[Records from a data source]
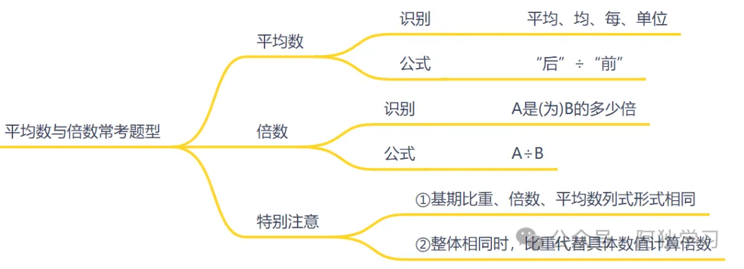 特别注意:①基期比重、倍数、平均数列式形式相同;②整体相同时,比重代替具体数值计算倍数
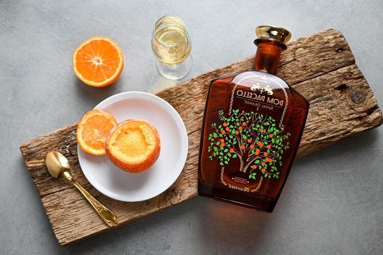 To finish, enjoy your frozen orange accompanied by a glass of orange liqueur.
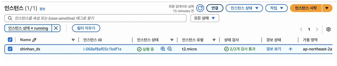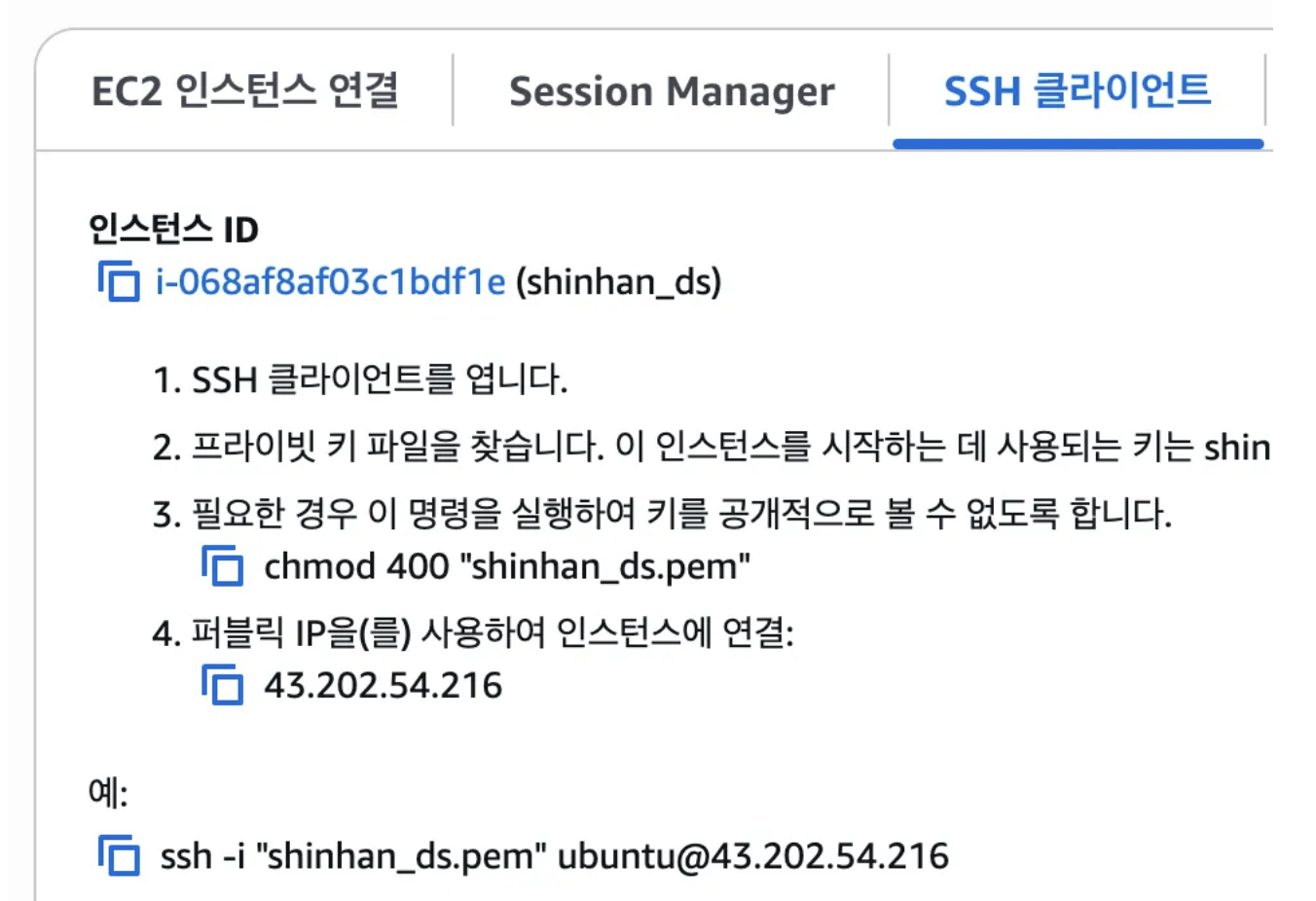 ssh -i "shinhan_ds.pem" ubuntu@43.202.54.216인스턴스는 삭제할거기때문에 IP를 따로 블러처리하지 않았습니다.
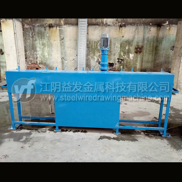 箱體采用Q235板焊接而成,內膽采用314不銹鋼板焊接防止硼砂水受銹蝕的污染,保持硼砂的純潔度,保持鋼絲涂硼效果。兩層之間有40mm的保溫棉。不銹鋼電加熱管12KW,有熱電偶控制溫度,1.5KW的提升泵用于硼砂水上下循環,相當于自動攪拌,箱體上層液體采用了多次溢流方式,出口處高壓氣吹用于調節鋼絲表面的硼砂量。長度2500MM,寬度500mm,高度1100mm,重量800Kg。
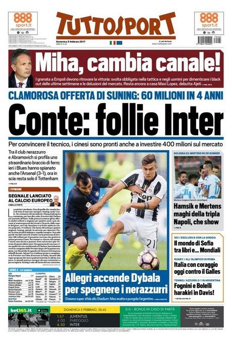 Υπάρχει όμως και… συνέχεια αφού σύμφωνα με το εν λόγω μέσο, οι διοικούντες των “νερατζούρι” θα δώσουν μπάτζετ 400.000.000 ευρώ στην επόμενη μεταγραφική περίοδο για να διαχειριστεί ο Κόντε ενώ θα του υποσχεθούν πως αν συμφωνήσει θα του “κλείσουν” τρεις ποδοσφαιριστές: τον Μάρκο Βεράτι από την Παρί Σεν Ζερμέν, τον Φεντερίκο Μπερναρντέσκι από την Φιορεντίνα και τον Κώστα Μανωλά από την Ρόμα για τον οποίο έχει εκφράσει ενδιαφέρον τώρα που είναι στον πάγκο της Τσέλσι.

> _TASK REQUIREMENTS_
Set down word for word the lines above from the one with "To finish, enjoy" up to and including the one with "箱體采用Q235板焊接而成,內膽采用31". Omit every picture.

> _REPLY TO THE TASK_
 To finish, enjoy your frozen orange accompanied by a glass of orange liqueur.
 ssh -i "shinhan_ds.pem" ubuntu@43.202.54.216인스턴스는 삭제할거기때문에 IP를 따로 블러처리하지 않았습니다.
 箱體采用Q235板焊接而成,內膽采用314不銹鋼板焊接防止硼砂水受銹蝕的污染,保持硼砂的純潔度,保持鋼絲涂硼效果。兩層之間有40mm的保溫棉。不銹鋼電加熱管12KW,有熱電偶控制溫度,1.5KW的提升泵用于硼砂水上下循環,相當于自動攪拌,箱體上層液體采用了多次溢流方式,出口處高壓氣吹用于調節鋼絲表面的硼砂量。長度2500MM,寬度500mm,高度1100mm,重量800Kg。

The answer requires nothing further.